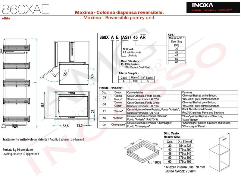 | Composizione | 1 Telaio Meccanismo 860XA + 5 CESTI 1860EKIT |
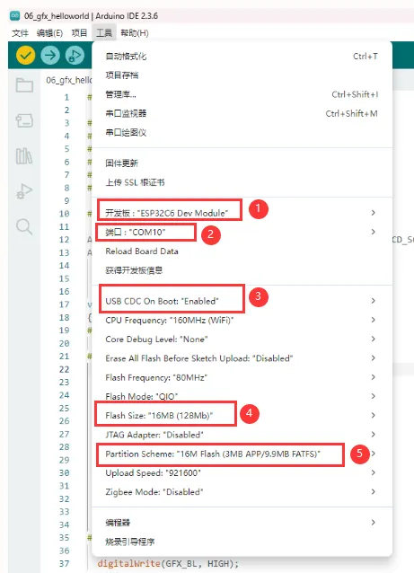 - ESP32-C6-Touch-LCD-1.83 需要选择ESP32C6 Dev Module。
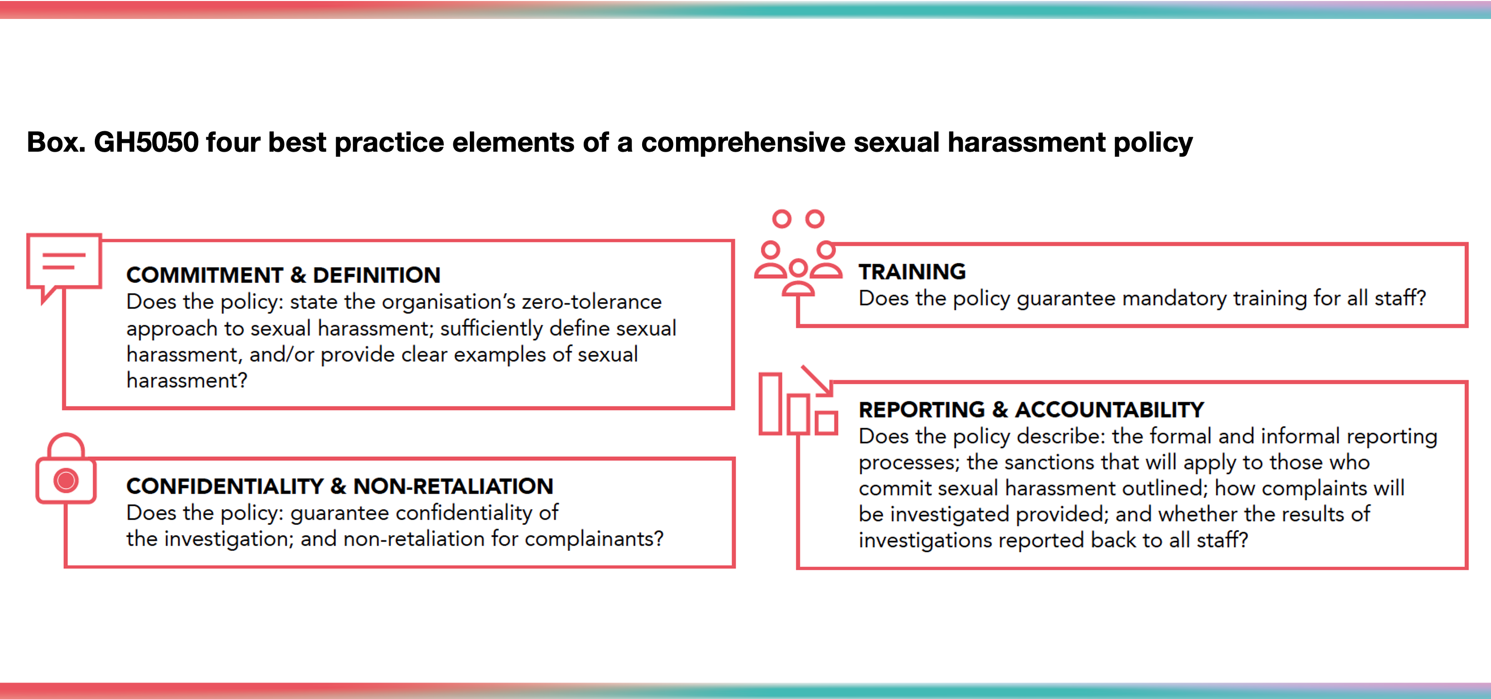 A comprehensive policy is a fundamental tool to prevent and address sexual harassment and to contribute to the creation of a work environment that is based on dignity and respect. Drawing on good practice as well as existing global norms (including the UN model policy), a range of public and private sector guidelines and peer-reviewed publications, GH5050 identified four elements of a comprehensive sexual harassment policy (see Box).
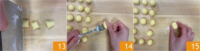 Cut them into small pieces of about 0.3 oz 13. Round each piece between the palms of your hands to form spheres, dusting your hands with rice starch for ease. If desired, you can slightly groove them with a fork 14 to give the classic gnocchi shape 15. Also, dust the prongs with starch to achieve a well-defined shape.
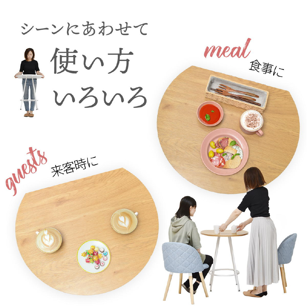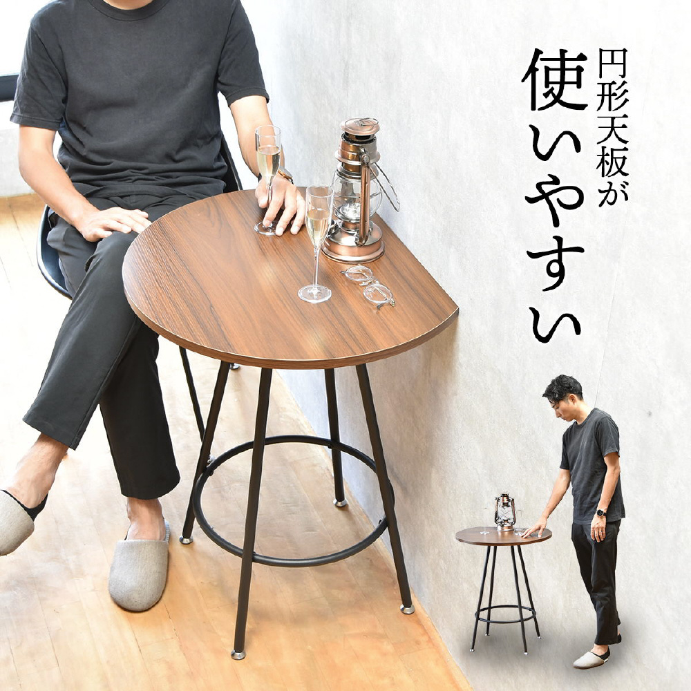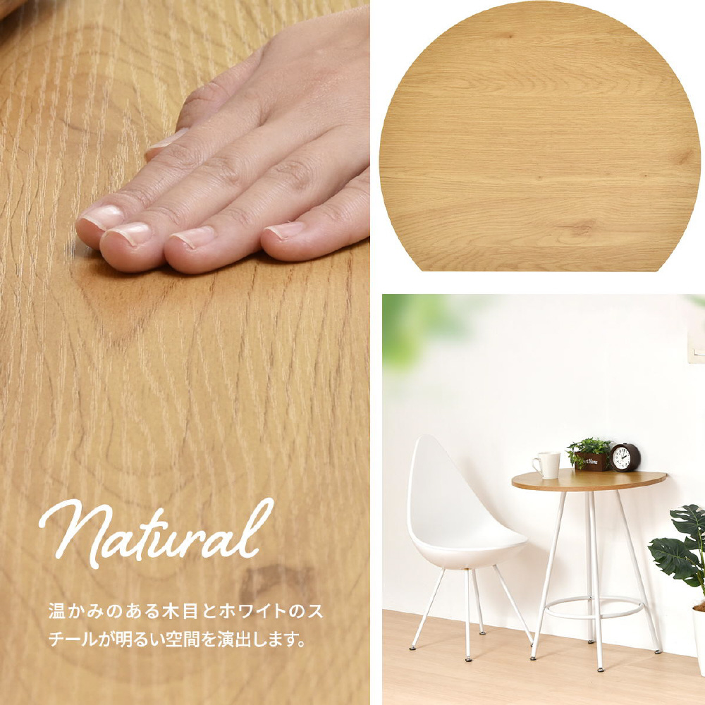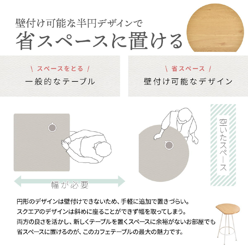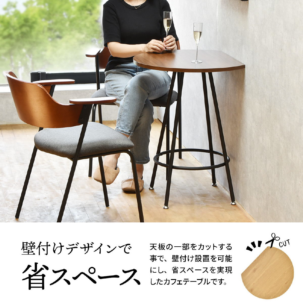 空間に柔らかみを与える円形天板の一部をカットする事で、壁付け設置を可能にし、省スペースを実現したカフェテーブルです。天板の中央部から放射上に伸びた4本の脚は安定性とスタイリッシュな印象をプラスします。天板は傷や水汚れに強いメラミン樹脂加工を施しておりますので、カフェテーブルとしての使用以外にも一人用のダイニングテーブルやパソコン作業スペースとしても安心してご使用頂けます。
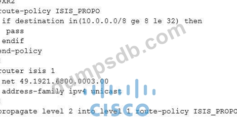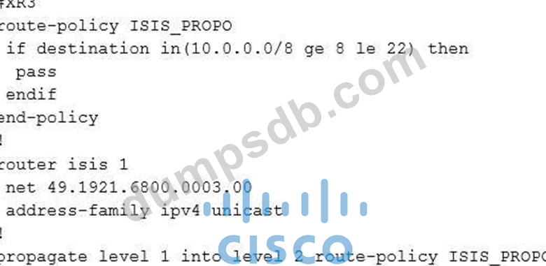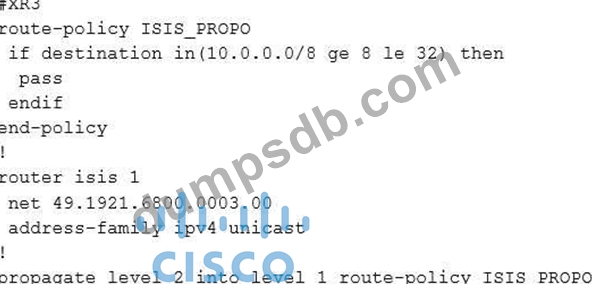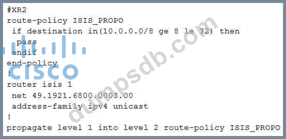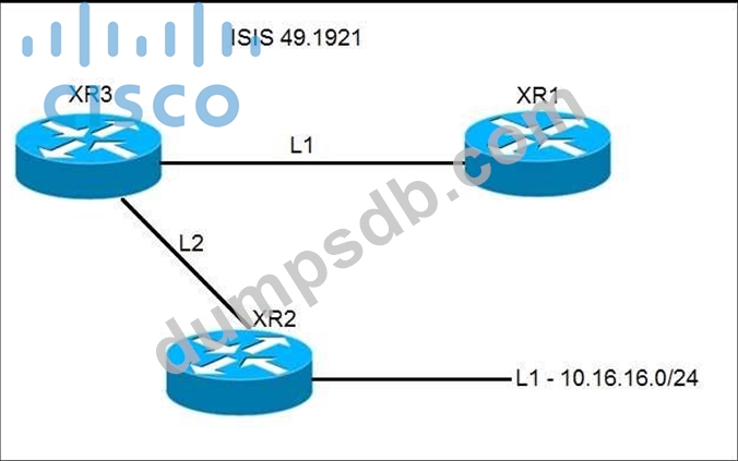 Refer to the exhibit. A network operator must inject a Level 1 route from XR2 (10.16.16.0/24) into the ISIS topology. Which configuration allows the injection in a way that XR3 and XR1 have a valid and working route for 10.16.16.0/24?
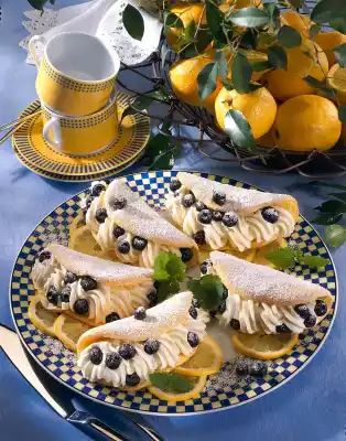 Pour into a piping bag with a star-shaped spout and squirt the cream into the cooled omelettes. Press blueberries into the cream. Dust the omelettes with icing sugar and arrange them on a plate decorated with lemon slices and lemon balm.
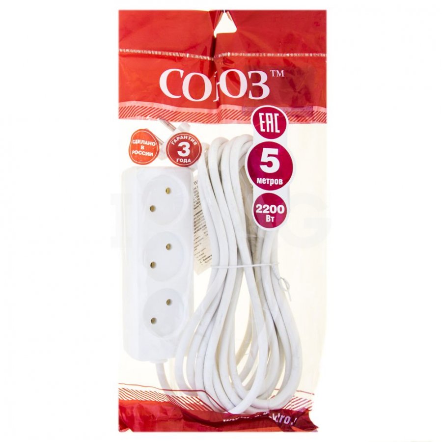 Удлинитель СОЮЗ 16А 5м белый трехместный б/з
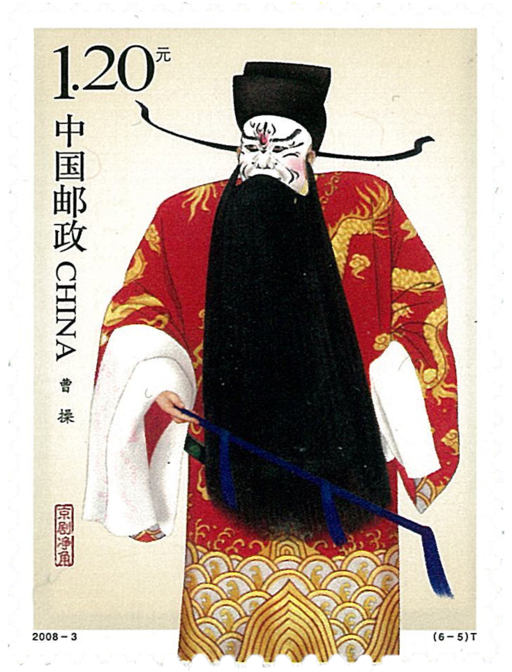 净角俗称花脸,因用多种色彩在脸上画脸谱而得名。净角主要表现性格豪放、粗鲁、刚烈、忠直或者奸诈的男性。他与生角相比,在化妆、唱腔、形体和表演等方面都有很大的不同,首先是在形象上,化妆极为夸张;其次是发声较为浑厚;再次是动作造型刚强有力。净角所扮演的人物就成为不同于常人的大丈夫、大英雄或大强盗,给人一种强烈的震撼。《京剧净角》特种邮票分别由《大保国》中的铜锤花脸徐彦昭、《铡美案》中的黑头花脸廉颇、《芦花荡》中架子花脸张飞、《长坂坡》中架子花脸曹操、《金沙滩》中武花脸杨延嗣组成。
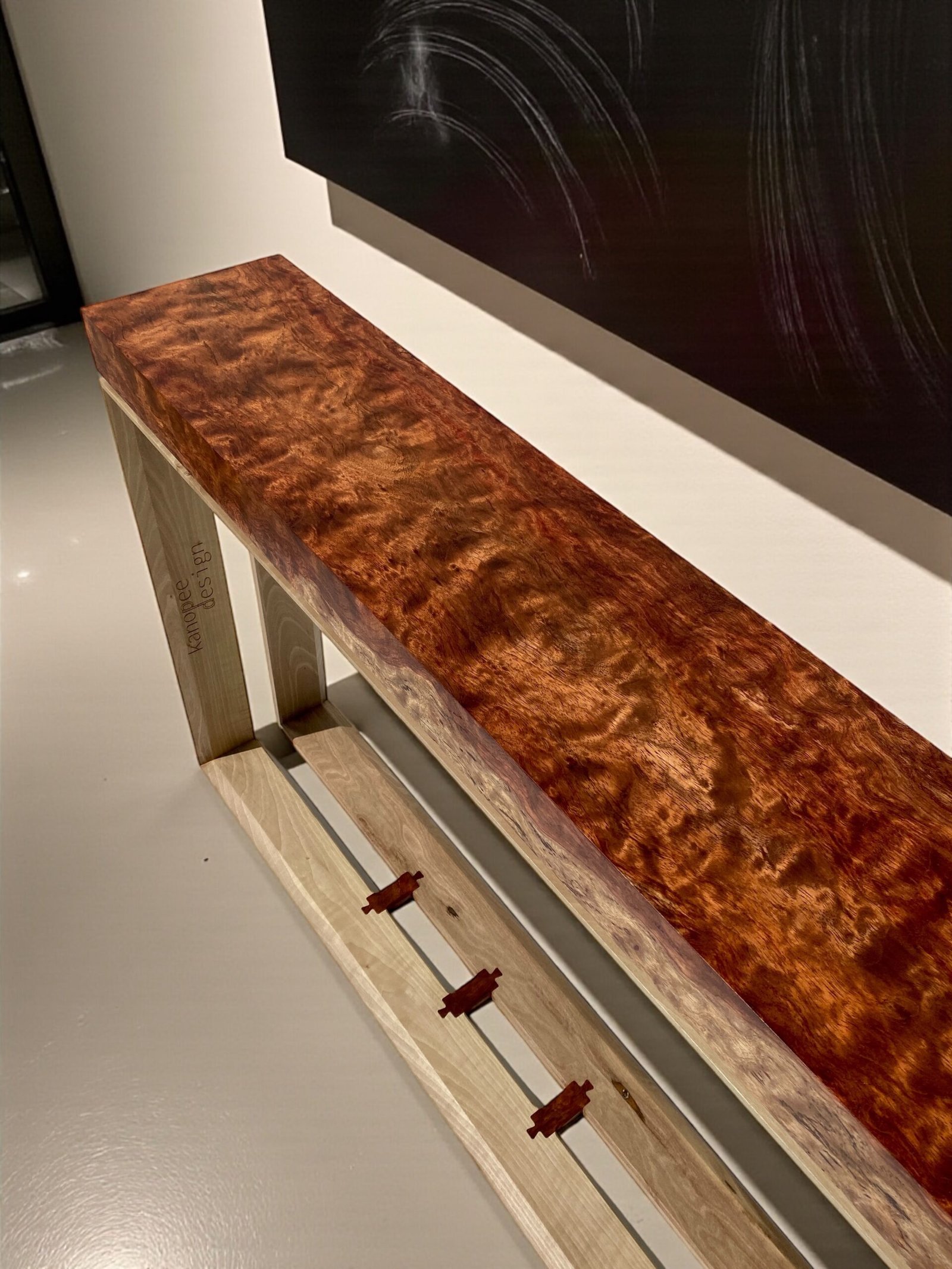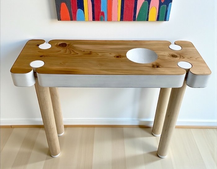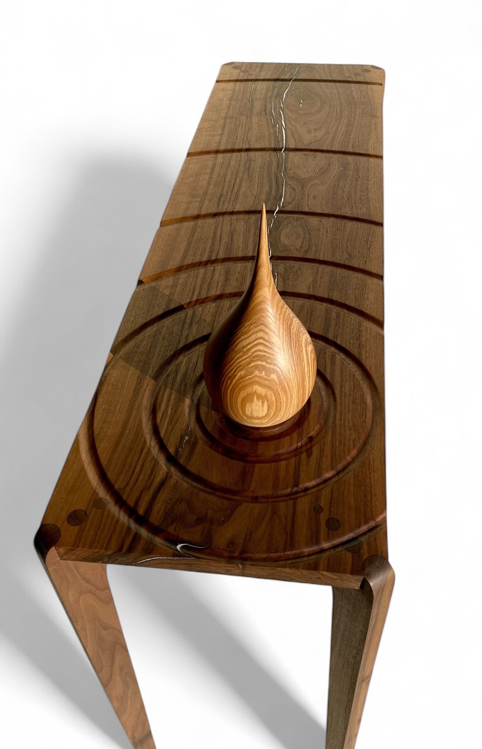 Ici, vous découvrez mes tables basses et consoles comme autant de fragments de paysage. Chaque pièce naît d’un bois choisi, façonné à la main, puis laissée vivre avec sa propre lumière. Parcourez la galerie et ouvrez chaque fiche : vous y trouverez dimensions, essences et histoire. Si vous imaginez une variation, parlons-en ; le sur-mesure fait partie de mon vocabulaire.

-------------------------

Please retype the whole of the data precisely, omitting pictures.

**Output for this task**
 | Composizione | 1 Telaio Meccanismo 860XA + 5 CESTI 1860EKIT |
 - ESP32-C6-Touch-LCD-1.83 需要选择ESP32C6 Dev Module。
 A comprehensive policy is a fundamental tool to prevent and address sexual harassment and to contribute to the creation of a work environment that is based on dignity and respect. Drawing on good practice as well as existing global norms (including the UN model policy), a range of public and private sector guidelines and peer-reviewed publications, GH5050 identified four elements of a comprehensive sexual harassment policy (see Box).
 Cut them into small pieces of about 0.3 oz 13. Round each piece between the palms of your hands to form spheres, dusting your hands with rice starch for ease. If desired, you can slightly groove them with a fork 14 to give the classic gnocchi shape 15. Also, dust the prongs with starch to achieve a well-defined shape.
 空間に柔らかみを与える円形天板の一部をカットする事で、壁付け設置を可能にし、省スペースを実現したカフェテーブルです。天板の中央部から放射上に伸びた4本の脚は安定性とスタイリッシュな印象をプラスします。天板は傷や水汚れに強いメラミン樹脂加工を施しておりますので、カフェテーブルとしての使用以外にも一人用のダイニングテーブルやパソコン作業スペースとしても安心してご使用頂けます。
 Refer to the exhibit. A network operator must inject a Level 1 route from XR2 (10.16.16.0/24) into the ISIS topology. Which configuration allows the injection in a way that XR3 and XR1 have a valid and working route for 10.16.16.0/24?
 Pour into a piping bag with a star-shaped spout and squirt the cream into the cooled omelettes. Press blueberries into the cream. Dust the omelettes with icing sugar and arrange them on a plate decorated with lemon slices and lemon balm.
 Удлинитель СОЮЗ 16А 5м белый трехместный б/з
 净角俗称花脸,因用多种色彩在脸上画脸谱而得名。净角主要表现性格豪放、粗鲁、刚烈、忠直或者奸诈的男性。他与生角相比,在化妆、唱腔、形体和表演等方面都有很大的不同,首先是在形象上,化妆极为夸张;其次是发声较为浑厚;再次是动作造型刚强有力。净角所扮演的人物就成为不同于常人的大丈夫、大英雄或大强盗,给人一种强烈的震撼。《京剧净角》特种邮票分别由《大保国》中的铜锤花脸徐彦昭、《铡美案》中的黑头花脸廉颇、《芦花荡》中架子花脸张飞、《长坂坡》中架子花脸曹操、《金沙滩》中武花脸杨延嗣组成。
 Ici, vous découvrez mes tables basses et consoles comme autant de fragments de paysage. Chaque pièce naît d’un bois choisi, façonné à la main, puis laissée vivre avec sa propre lumière. Parcourez la galerie et ouvrez chaque fiche : vous y trouverez dimensions, essences et histoire. Si vous imaginez une variation, parlons-en ; le sur-mesure fait partie de mon vocabulaire.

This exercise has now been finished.